«Concurrence déloyale»: face à la RTBF, la presse écrite fourbit ses armes

Les groupes IPM et Rossel, les deux principaux acteurs de la presse quotidienne francophone l’affirment, étude à l’appui : ils subissent une concurrence déloyale de la RTBF. Au cœur des débats : les articles écrits diffusés gratuitement sur le site du média de service public.

Benjamin Hermann
 La survie des titres de presse écrite est menacée par ce qu’ils estiment être une concurrence déloyale de la RTBF.
La survie des titres de presse écrite est menacée par ce qu’ils estiment être une concurrence déloyale de la RTBF. © Jacques Duchateau

C’est un vieux litige qui oppose la RTBF aux éditeurs de presse quotidienne francophone, à savoir les groupes IPM ( La Libre , La DH/Les Sports et L’Avenir ) et Rossel ( Le Soir , Sudinfo ). Et qui refait surface en cette période où se discute au parlement de la FédérationWallonie-Bruxelles le futur contrat de gestion du média de service public, pour la période 2023-2027.

Depuis l’avènement du numérique, les quotidiens voient d’un mauvais œil le fait que la RTBF publie en ligne des articles écrits, accessibles gratuitement. Un mélange des genres que dénoncent Bernard Marchant et François le Hodey, respectivement CEO de Rossel et d’IPM.

Lors des débats sur le précédent contrat de gestion, des balises autour des contenus écrits de la RTBF (limites de longueur, lien avec le contenu audiovisuel, etc.) avaient été fixées. Mais ce cadre n’est pas respecté, dénoncent-ils, malgré les remontrances du Conseil supérieur de l’audiovisuel. "C’est une question de gouvernance publique , commente Bernard Marchant. S’il y a des contrats de gestion, qu’ils soient appliqués" .

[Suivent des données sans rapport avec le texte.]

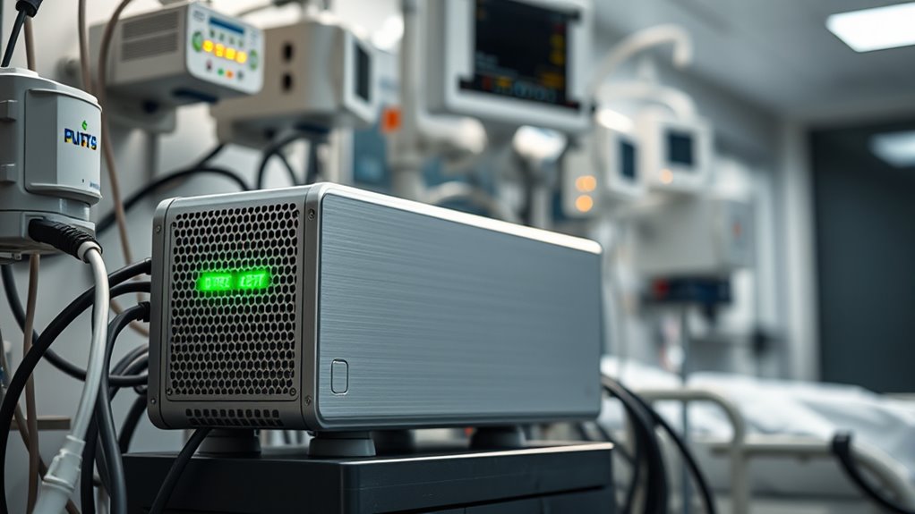 Choosing the right emergency power supply for medical equipment requires carefully evaluating your devices’ power needs. First, assess the total wattage and voltage requirements to determine the minimum capacity needed. Consider how long you’ll need backup power during outages to select an appropriately sized battery or generator. It’s also essential to verify that the power supply can support multiple devices simultaneously without overloading. Pay attention to surge wattage and peak power needs, especially during startup, to ensure the power source can handle initial loads. Lastly, check that the battery capacity—measured in Wh or Ah—is sufficient to keep your critical devices running for the necessary duration. Properly sizing your power capacity guarantees uninterrupted care when it matters most.

Regroupés dans l’associationLA PRESSE. be, les éditeurs ont cette fois commandé une étude pour objectiver les enjeux. Menée par les professeurs d’économie Paul Belleflamme (UCLouvain), Axel Gautier (ULiège) et Xavier Wauthy (Université Saint-Louis), ses conclusions pointent clairement une concurrence déloyale. De quoi apporter de l’eau au moulin des patrons de presse, les professeurs insistant au passage sur l’indépendance avec laquelle ils ont réalisé leur rapport.

Question de survie

Ces craintes s’inscrivent dans un environnement qui a profondément changé ces dernières années, au rythme de la convergence numérique: le fait que des contenus (texte, vidéo, musique, photos) sont désormais produits, diffusés et consommés sur de mêmes supports numériques.

La presse écrite ne parvient pas à atteindre ses objectifs d’abonnements numériques. Le marché publicitaire a été bouleversé par l’arrivée des géants du web, qui se taillent une part importante du gâteau. La RTBF risque de planter le dernier clou en continuant à diffuser du contenu écrit gratuitement.

L’étude analyse la légitimité de la production écrite de la RTBF sous trois angles: vis-à-vis de son contrat de gestion, du point de vue économique et de l’intérêt général. Sur les trois points, l’étude recale le service public.

guillement

«Il faut comprendre que cc’est une question existentielle pour la presse écrite.»

Sur le premier, "l’offre écrite en ligne est en dehors du “scope” du contrat de gestion" , assure Axel Gautier. Pour la justification économique, il apparaît que la diffusion gratuite d’écrits n’est pas rentable en soi et s’effectue nécessairement au moyen des subsides. Aux frais de la princesse, donc, alors que les médias privés concourent dans une logique de marché. Le site d’info de la RTBF n’est pas de manière évidente conçu pour valoriser ses contenus audiovisuels. La "distorsion de concurrence" , en définitive, pourrait mener à l’éviction de médias privés et à l’appauvrissement de la diversité de la presse.

Les éditeurs attendent de la Fédération Wallonie-Bruxelles qu’elle entende leurs arguments et fixe un cadre plus contraignant dans le contrat de gestion. En s’appuyant sur les conclusions de l’étude, ils avancent deux scénarios. Soit le contrat de gestion de la RTBF « inclut l’offre écrite en ligne dans les missions de service public » , auquel cas les médias privés doivent aussi bénéficier de subsides. Soit l’offre écrite en ligne n’y figure pas et la RTBF sera tenue de développer cette activité-là dans une logique de marché, sans puiser dans ses subsides. « C’est peut-être un détail pour l’avenir de la RTBF, mais c’est une question existentielle pour l’avenir de la presse écrite » , résume François le Hodey.